Pielke Tygart Stepanova
Vitaly Stepanov, Yuliya Stepanova and Travis Tygart take a question from Prof. Roger Pielke at Tuesday's SGS lecture series.

Russian Whistleblowers Speak At Sports Governance Lecture Series

February 21, 2017 | General, Sports Governance, Neill Woelk

BOULDER — Former Russian athlete Yuliya Stepanova and her husband, Vitaly Stepanov — called by some the most important whistleblowers in the history of anti-doping — were surprise speakers Tuesday night at the University of Colorado's Sports Governance Center's Distinguished Lecture series.

The two appeared with scheduled speaker Travis Tygart, CEO of the U.S. Anti-Doping Agency, in the Petry and Harrington Family Auditorium at the CU Champions Center before a full house.

Tygart's topic, "Foxes In the Henhouse: From the Russian Doping Scandal to Global Anti-Doping Reform" tied directly to his special guests.

Stepanova, a standout track athlete, and her husband, a former employee of the Russian Anti-Doping Agency, provided the key testimony and evidence in a 2015 World Anti-Doping Agency investigation into the Russian Olympic doping program that ultimately resulted in roughly one third of the Russian Olympic team being banned from competing in the 2016 Rio Summer Olympics. The report accused Russia of a vast, systematic doping program that was state sponsored, with later reports from news agencies suggesting the program reached as high as the office of Russian President Vladimir Putin.

Tygart called the Stepanovs "the most important whistleblowers on the global scale of fair play the world has ever known."

The two gathered their information in 2013 and 2014, when Yuliya Stepanova began secretly recording her conversations with Russian athletic officials, including coaches, other athletes, trainers and doctors. They then took that information to a German filmmaker, who produced a documentary that brought the Russian doping system to light in 2014 and finally convinced WADA to begin its in-depth investigation.

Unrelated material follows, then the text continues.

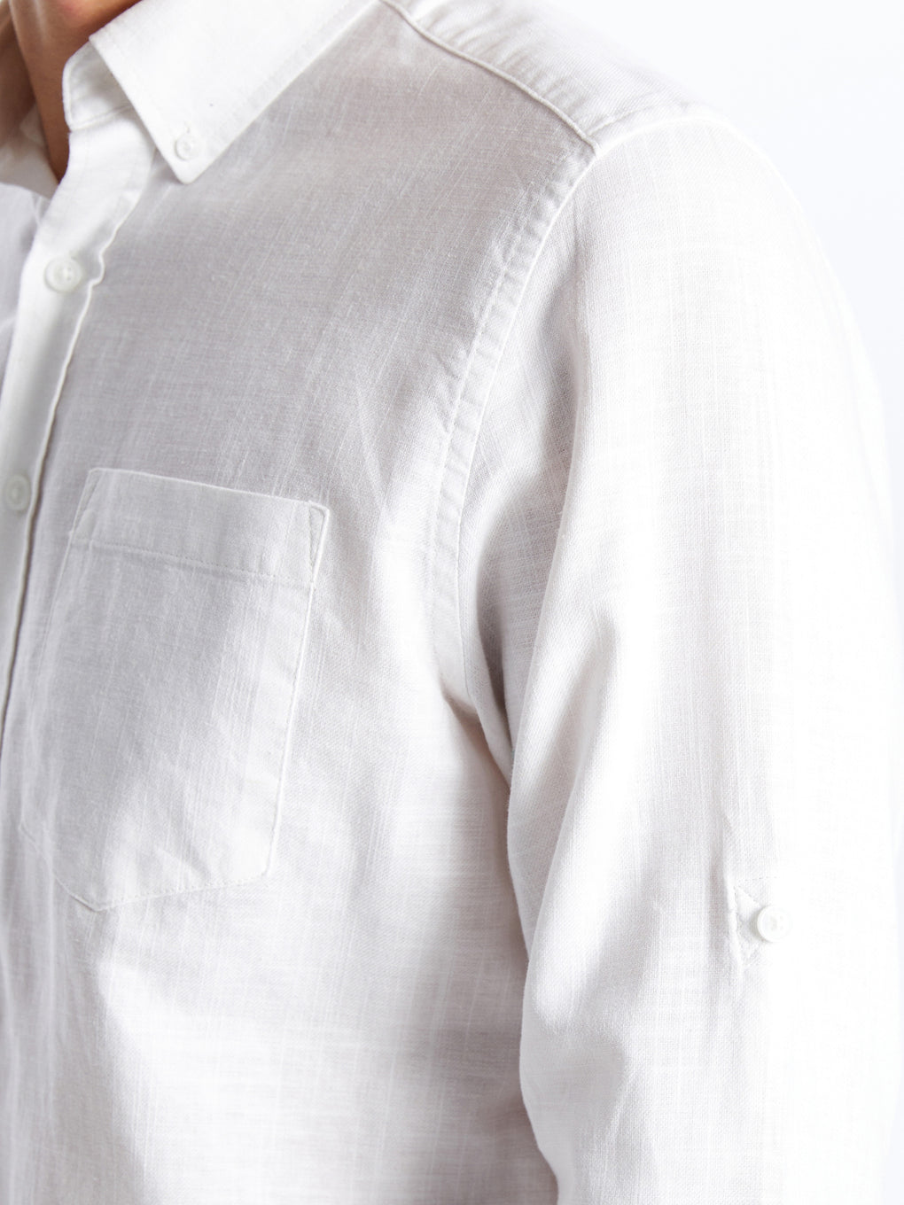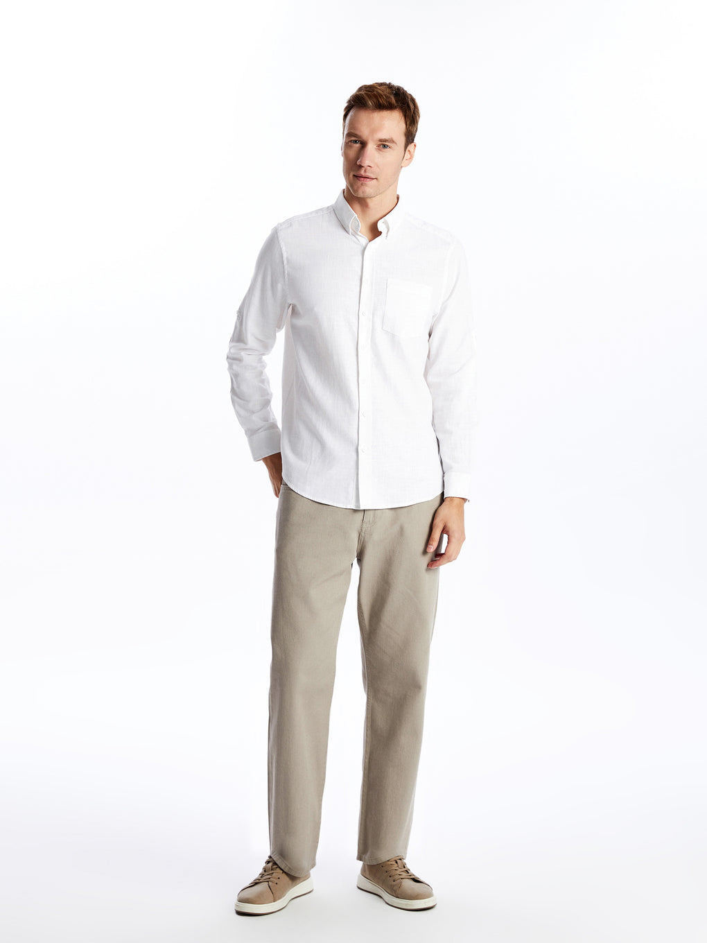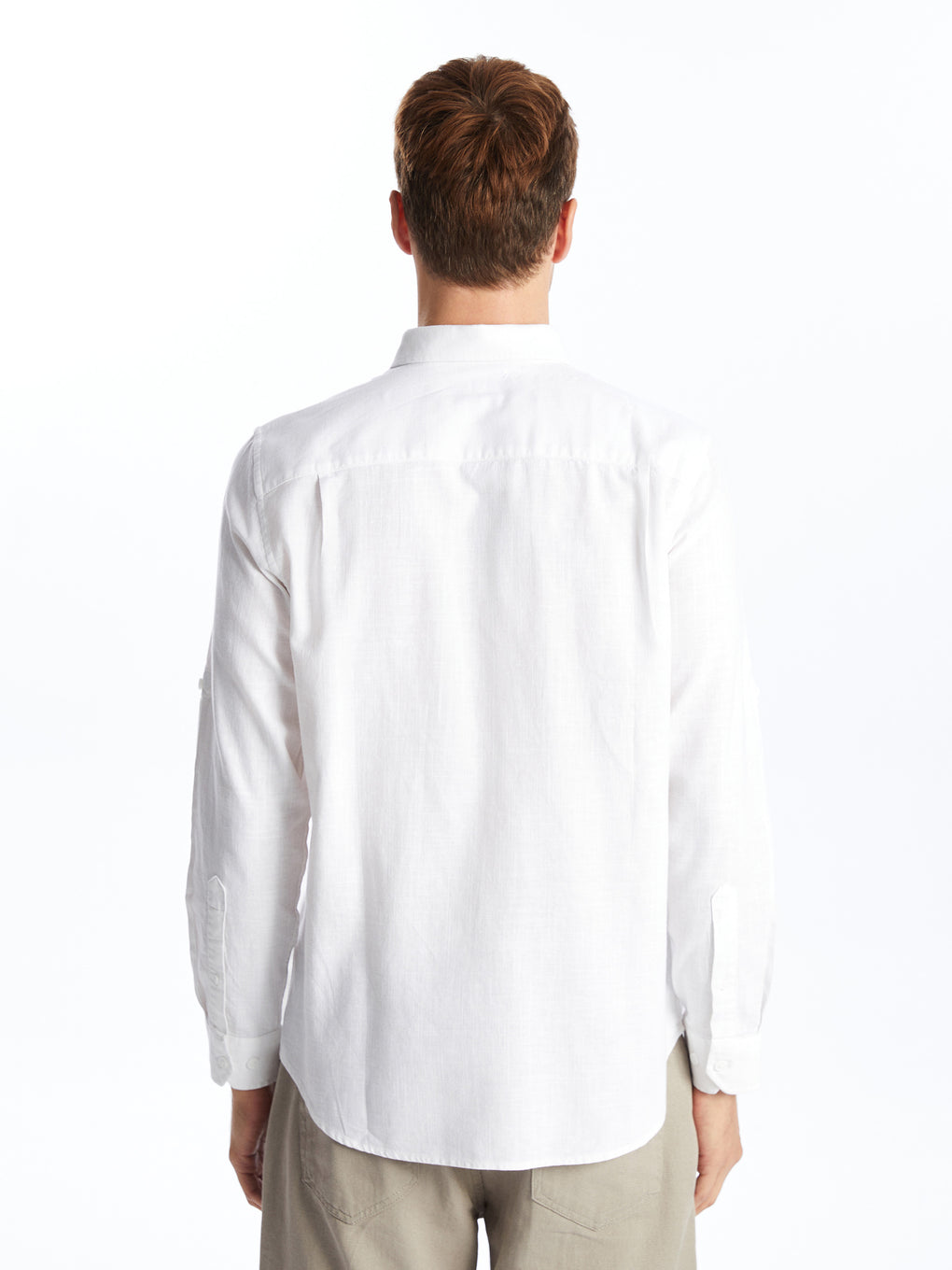 Regular Fit Long Sleeve Linen-Blend Men's Shirt

The couple moved to Germany for their safety, but when her athlete information was hacked and their location revealed, they moved to the United States.

Stepanova has begun competing again as a "neutral" athlete, and has talked on the record a few times about their ordeal. The two also appeared in a 2016 edition of CBS' "60 Minutes," but their appearance Tuesday night is believed to be one of their first public appearances together since they fled their home country after being branded as "traitors" by Russian officials.

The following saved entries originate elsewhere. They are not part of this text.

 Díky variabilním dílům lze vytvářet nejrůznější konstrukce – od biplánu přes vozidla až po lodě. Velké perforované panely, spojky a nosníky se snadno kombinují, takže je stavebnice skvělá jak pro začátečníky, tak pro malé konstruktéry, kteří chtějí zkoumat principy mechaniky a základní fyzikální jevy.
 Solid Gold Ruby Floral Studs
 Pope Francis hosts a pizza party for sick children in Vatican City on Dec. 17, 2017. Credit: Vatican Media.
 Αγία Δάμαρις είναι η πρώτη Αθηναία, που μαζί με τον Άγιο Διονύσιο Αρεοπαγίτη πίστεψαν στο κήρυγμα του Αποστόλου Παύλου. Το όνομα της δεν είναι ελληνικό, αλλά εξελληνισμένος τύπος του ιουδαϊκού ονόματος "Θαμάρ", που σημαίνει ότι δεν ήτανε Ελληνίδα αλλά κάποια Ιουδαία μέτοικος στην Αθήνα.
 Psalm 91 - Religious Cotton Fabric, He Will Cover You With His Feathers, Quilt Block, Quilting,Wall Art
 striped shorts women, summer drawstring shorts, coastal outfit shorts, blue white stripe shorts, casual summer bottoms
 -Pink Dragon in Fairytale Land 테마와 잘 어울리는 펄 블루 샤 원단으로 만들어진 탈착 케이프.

Stepanova, who was banned from competition in 2013 following abnormalities in her biological passport, said she decided to blow the whistle on the Russian program when she realized what a corrupt system it was.

"I decided I can either return to the system and do it again, or I could stay with my husband and do the right thing," she said.

Stepanova said when she began competing at the highest level in Russia, her coaches convinced her to begin doping. They told her that it was a "standard operation" and that everyone in the world was doing it.

"I believed my coaches," she said. "I believed in the system because I didn't know there was another way."

It was only after she began to compete on an international basis that she realized that all other athletes from other countries weren't doping — and after her positive test and ban, she and her husband decided to do their best to help uncover what has been called possibly the most widespread doping program in the history of sport.

Stepanov — who was never a part of the RUSADA cover-ups — said when he suggested improvements in the agency's operation to his superiors, he was told, "We decide who are the heroes and who will get caught."

Now, the two are not welcome in their native country and are despised by many of their former cohorts — particularly those athletes who were banned from competing in Rio.

"We made the decision as a family," Stepanov said. "And after we made it, there are no regrets."

The CU Sports Governance Center, headed by Prof. Roger Pielke, is in its second year of existence. The only academic program in America to be housed in a university athletic department, its mission is to conduct leading research, education and outreach related to the governance of sport. The Center is multi-disciplinary, problem-oriented and seeks to perform work with real world impacts.